**Task to complete:** Among the entries below, extract exactly the lines that run from the one with "La foto ritrae" through the one with "卫生间做了干湿两分离,真是个", both ends included.

**Entries supplied:**

- - - - -

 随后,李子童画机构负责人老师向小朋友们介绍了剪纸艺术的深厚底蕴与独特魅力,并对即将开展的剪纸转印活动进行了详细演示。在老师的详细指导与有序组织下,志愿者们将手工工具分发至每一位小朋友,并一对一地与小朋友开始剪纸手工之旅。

- - - - -

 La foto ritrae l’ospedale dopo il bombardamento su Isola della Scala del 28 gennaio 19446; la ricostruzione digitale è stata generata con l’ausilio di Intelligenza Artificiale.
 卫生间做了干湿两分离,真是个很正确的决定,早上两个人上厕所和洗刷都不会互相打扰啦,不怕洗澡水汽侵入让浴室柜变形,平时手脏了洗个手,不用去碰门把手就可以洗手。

- - - - -

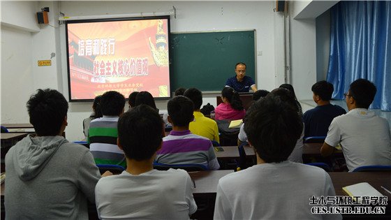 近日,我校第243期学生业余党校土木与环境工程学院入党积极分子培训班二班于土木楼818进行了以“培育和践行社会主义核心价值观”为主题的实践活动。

- - - - -

**Exercise result:**
 La foto ritrae l’ospedale dopo il bombardamento su Isola della Scala del 28 gennaio 19446; la ricostruzione digitale è stata generata con l’ausilio di Intelligenza Artificiale.
 卫生间做了干湿两分离,真是个很正确的决定,早上两个人上厕所和洗刷都不会互相打扰啦,不怕洗澡水汽侵入让浴室柜变形,平时手脏了洗个手,不用去碰门把手就可以洗手。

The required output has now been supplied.